Among the various educational reforms of the past half-century, few have garnered as much attention as charter schools. Charter schools are publicly funded schools that operate with increased autonomy – often under private operators – which families can choose to send their children to instead of their assigned traditional public school (Tong et al., 2023). Established through state legislation, charter schools are often exempt from many regulations governing traditional public schools, leading to their greater operational and instructional autonomy. Since the first state charter law passed in 1991, 45 states and the District of Columbia have opened charter schools (Jacobs & Veney, 2024). Today, over 3.7 million students attend more than 8,100 charter schools across the United States (National Alliance of Public Charter Schools, n.d.-a).
In 1992, California became the second state to pass a charter law. Since then, charter school enrollment has grown significantly, as shown in Figure 1. By the 2024-25 school year, there were approximately 727,000 students attending nearly 1,300 charter schools in California – more than in any other state. In California, charter school students make up about 12 percent of public school enrollment, compared to the national average of 7 percent (National Center for Education Statistics, 2022). This large representation of charter school students in California can partially be explained by the diverse set of charter school models allowed by the state. In addition to newly created brick-and-mortar charter schools, California permits some traditional public schools to convert to charters and also allows for non-classroom-based (NCB) charter schools, which offer at least 20 percent of instructional time outside of an in-person classroom setting.

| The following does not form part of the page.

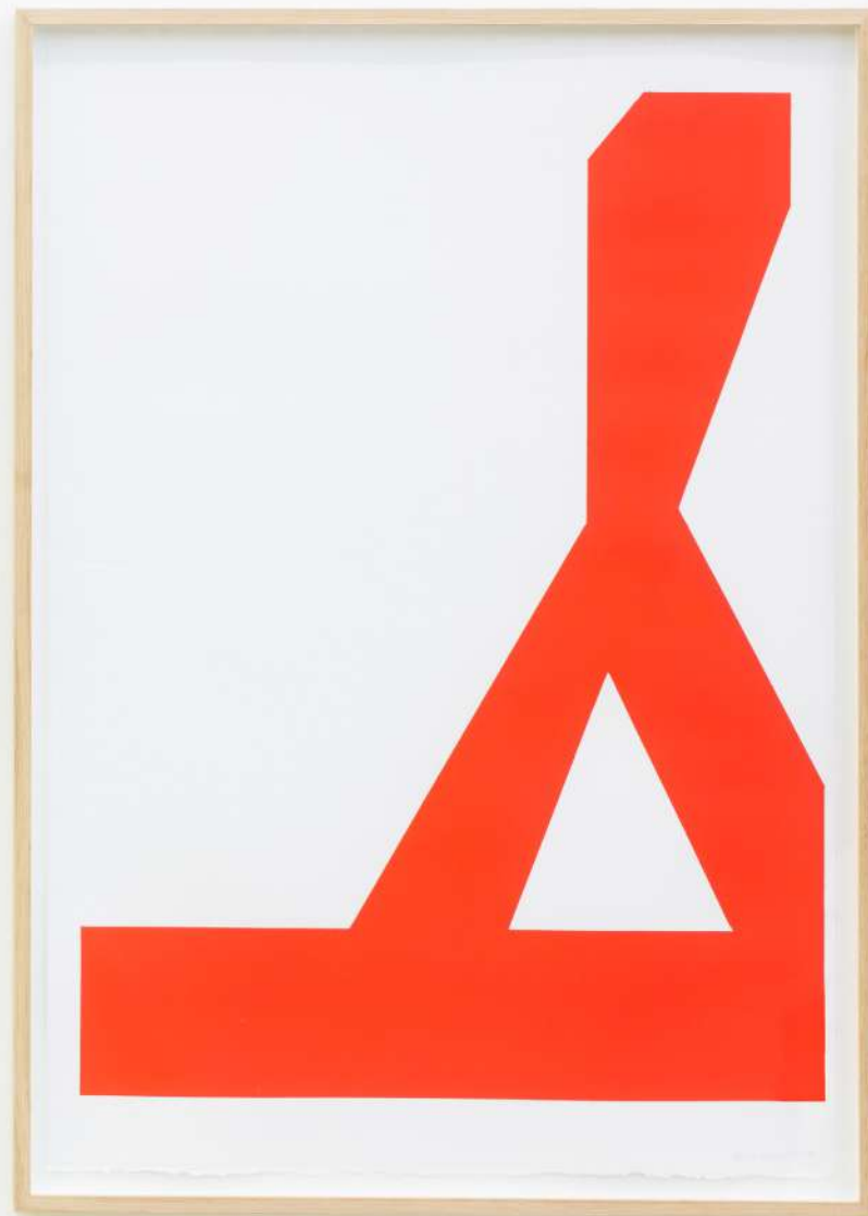
Sólido II, 2019 Paint on paper. 100 x 70 cm.

Figure 1: California Charter School Enrollment Trends

In exchange for autonomy, California charter schools – like those in other states – are held accountable for academic and financial outcomes. Although charter school performance remains the subject of national debate, research in California has found generally positive results. A study comparing charter school students to similar peers in traditional public schools found that California charter students performed comparably in math and outperformed their peers in reading – equivalent to approximately 11 additional days of learning (Raymond et al., 2023). At the same time, California charter schools’ use of public funds has faced recent scrutiny following two high-profile cases of fraud involving approximately $580 million in misappropriated funds (California Charter Authorizing Professionals, 2025). Both cases involved NCB programming, including one school that exclusively provided NCB instruction (Fensterwald, 2024; Pendleton, 2025). As a result, questions about the adequacy of financial accountability for charter schools have emerged, with particular attention to NCB charter schools.
The entities that are responsible for holding charter schools accountable for their academic and financial outcomes are charter school authorizers. Authorizers are government-designated agencies that oversee charter schools’ fixed term contracts. This role is carried out across three key responsibilities: (1) screening proposals for new charter schools, (2) monitoring school performance, and (3) renewing charter contracts or closing charter schools (Vergari, 2001). To the extent that authorizers oversee charter schools well, they can promote increased quality schooling options for families while minimizing poorly managed and low-performing charter schools.
This report examines the current state of charter school accountability and governance in California by focusing on the public entities charged with upholding it – charter school authorizers. Because charter schools are granted autonomy in exchange for accountability, authorizers’ structure and effectiveness play a central role in determining the quality and integrity of the charter school sector. We examine how California’s evolving charter laws and policies have shaped authorizers’ responsibilities, authority, incentives, and capacity over time. Where possible, we address best practices within authorizers’ responsibilities and discuss how policy enables or constrains authorizers’ abilities to adopt them. In this report, we also pay particular attention to NCB charter schools and the role of authorizers in shaping their approval, oversight, and continued operation given the prominence of NCB charter schools in recent public debate and legislative reform efforts.
To conduct this analysis, we first provide context on the entities that currently serve as charter school authorizers in California. Next, we identify the set of California policies that have most directly affected the state of charter school authorizing since 1992. Considering this policy context, we then discuss how California authorizers carry out the roles of authorizing, overseeing, and renewing charter schools. In examining these roles, we draw on multiple sources of evidence that provide insight on authorizers’ practices and current trends, including policy documents, administrative data from the California Department of Education, reports from stakeholder organizations, and findings from peer-reviewed academic research. By triangulating these sources, this report provides a comprehensive assessment of how legislative design has structured authorizing practices – and how those practices in turn have shaped the development and accountability of California’s charter school sector.